Control got up and walked to the dark window. There was no moonlight. He looked out at the rain sweeping across the sparkling highway and the parkway. The branches of the trees were black shapes bending in the wind.

“My daughter Lindsay will be twenty-four in June. That's four years younger than Elena. Lindsay's working for the French embassy here in D.C. As far as anyone knows, her old man works in some low-level government bureaucratic office, plays a lot of golf, and drinks forty-year-old Strathisla single malt whiskey at the Capitol Grill. But what if there's intel out there that linked her to a spymaster? How could I sleep at night knowing I had put her life in danger?”

“McCall's been estranged from his family for years. No one knows they even exist.”
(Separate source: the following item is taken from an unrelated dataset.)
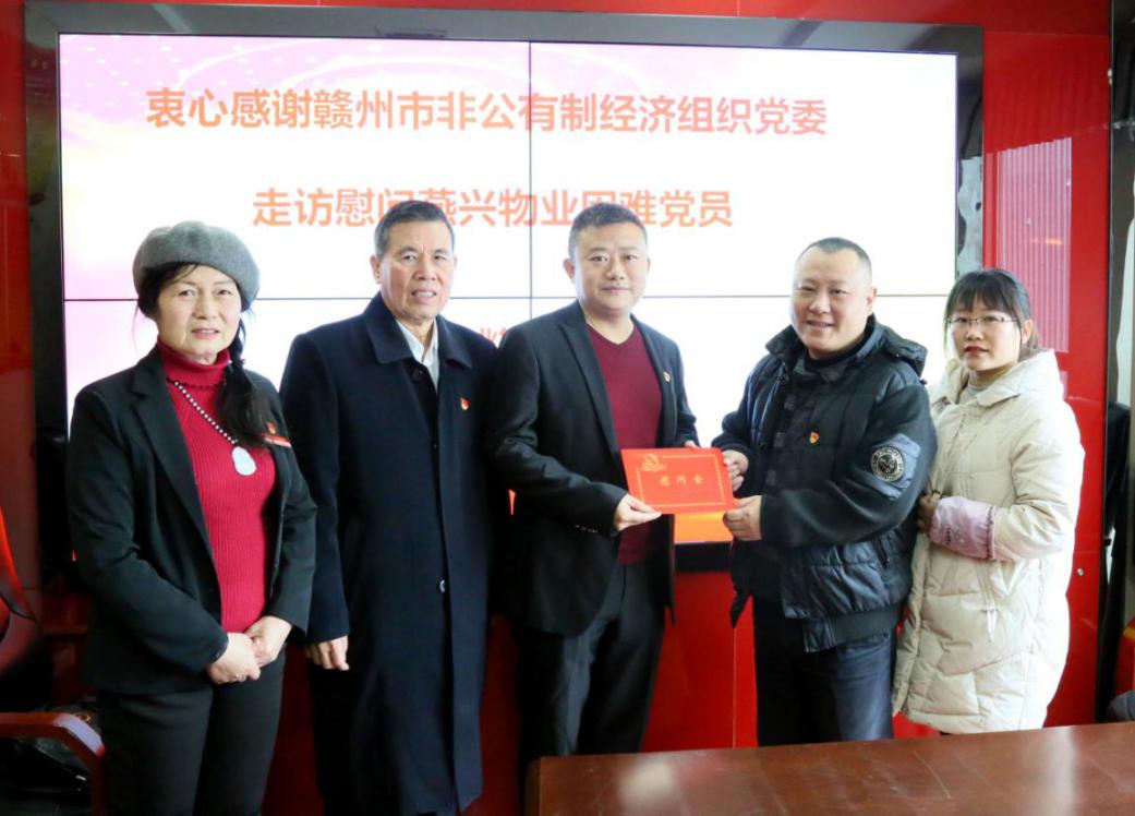 2020年1月19日上午,贛州市非公黨委黨組成員、市工商聯(lián)秘書長(zhǎng)葉昊一行,帶著上級(jí)黨組織和市非公黨委的關(guān)懷,來(lái)到江西燕興物業(yè)管理集團(tuán)黨委,走訪慰問(wèn)生活困難的基層黨務(wù)工作者童章杰同志,向他送上新年的祝福及... 2020-01-22

Control took out his iPhone, hit a couple of buttons, and tossed it to Kostmayer. On the LED screen was a photograph of a man sitting at the 21 Club with an attractive blonde in her mid-forties. The man had his back to the camera.

“That was taken on a smartphone at the 21 Club in New York City tonight. You can't see the man's face from this angle. The woman he's sitting with is an ADA named Cassandra Blake. She's McCall's ex-wife.”
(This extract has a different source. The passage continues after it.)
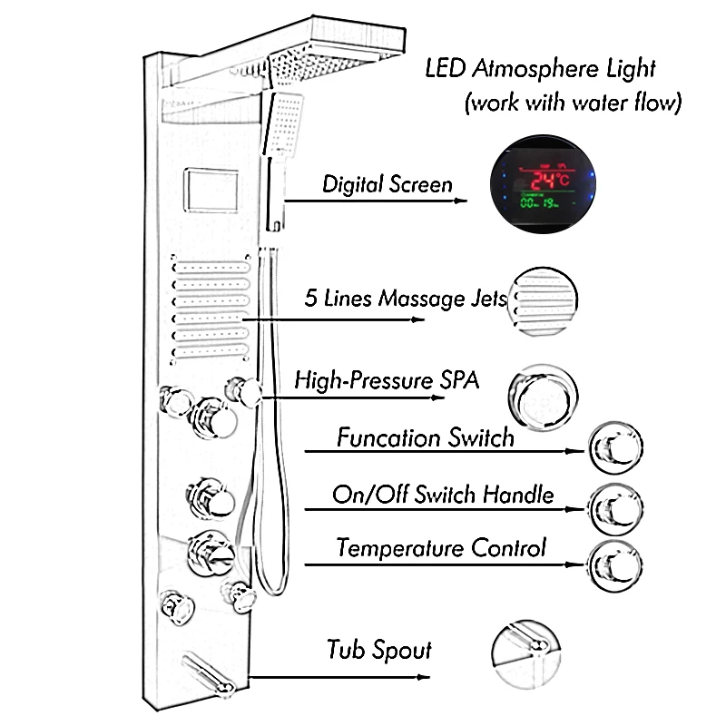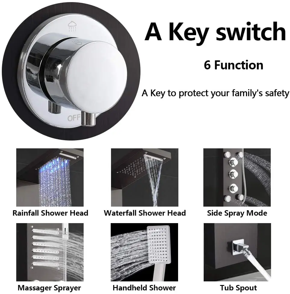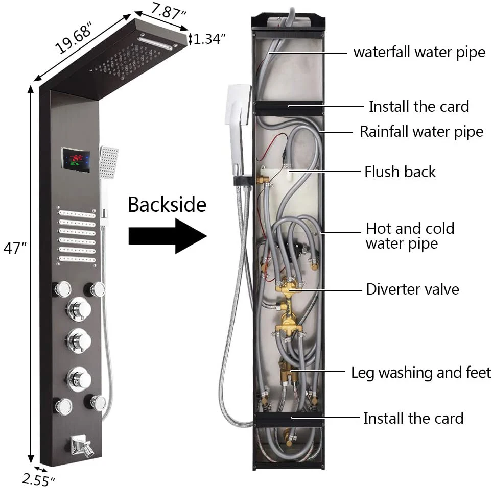 100% plus solide et plus durable: le panneau de douche est fabriqué en acier inoxydable 304 solide et très durable. Matériau environnemental; Antirouille et résistant aux hautes températures pour la durabilité. Longue durée de vie. Sûr à utiliser.

“So she's having cocktails with her new husband.”

“Her husband is a criminal attorney named Tom Blake who's deposing a wise guy informant in Philadelphia. Comes home at the weekend.”

“Okay, it's a colleague from work.”

“Or it's Robert McCall.”

“Reaching out for what he's lost all these years? I don't see McCall doing that.”

“You don't know what he'd do or wouldn't do. You think you got close to McCall? Think again. No one does. I want you to fly to New York tomorrow morning. If he's starting to reach out to people, I don't want him finding out about Elena Petrov from someone else. You gave her your word.”

“He's not involved in this life any longer.”

Control turned from the window. “You don't walk away. The past is never over. It harmonizes with the present. It becomes part of your future.”

“So he finds out. From me or from someone else. There's nothing he can do about it.”

“This is Robert McCall.”

There was silence, then Kostmayer nodded.

“Okay.”

“If we have found McCall, I want
you
to reach out to him. Bring him in from the cold. Before he goes after this assassin, or the killer sets up his sniper rifle on a roof overlooking McCall's New York apartment. Wherever the hell that is.”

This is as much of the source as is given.